**GIVEN INFORMATION**
:::
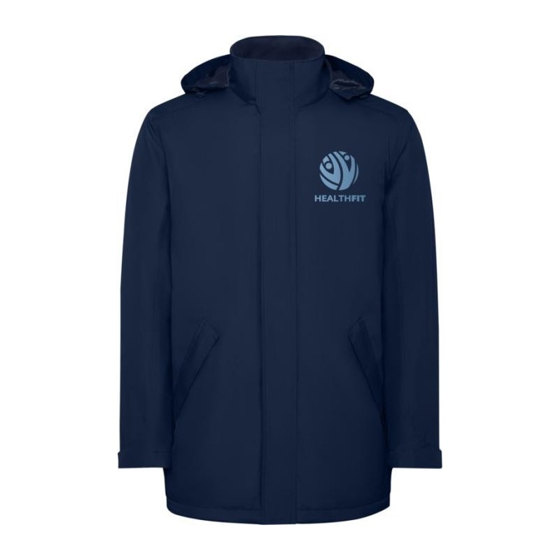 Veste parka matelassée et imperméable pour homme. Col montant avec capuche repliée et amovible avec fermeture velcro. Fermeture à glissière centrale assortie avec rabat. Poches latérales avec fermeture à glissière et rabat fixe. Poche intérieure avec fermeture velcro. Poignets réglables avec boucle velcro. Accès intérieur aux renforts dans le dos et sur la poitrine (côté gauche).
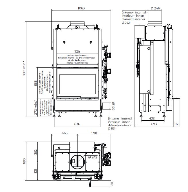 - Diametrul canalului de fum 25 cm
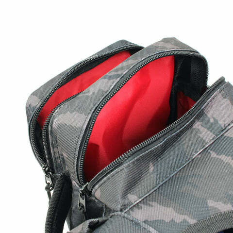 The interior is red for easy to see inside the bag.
:::
**EXERCISE**
Would you return the whole listing above exactly as written, skipping any image?

**ANSWER SPACE**
 Veste parka matelassée et imperméable pour homme. Col montant avec capuche repliée et amovible avec fermeture velcro. Fermeture à glissière centrale assortie avec rabat. Poches latérales avec fermeture à glissière et rabat fixe. Poche intérieure avec fermeture velcro. Poignets réglables avec boucle velcro. Accès intérieur aux renforts dans le dos et sur la poitrine (côté gauche).
 - Diametrul canalului de fum 25 cm
 The interior is red for easy to see inside the bag.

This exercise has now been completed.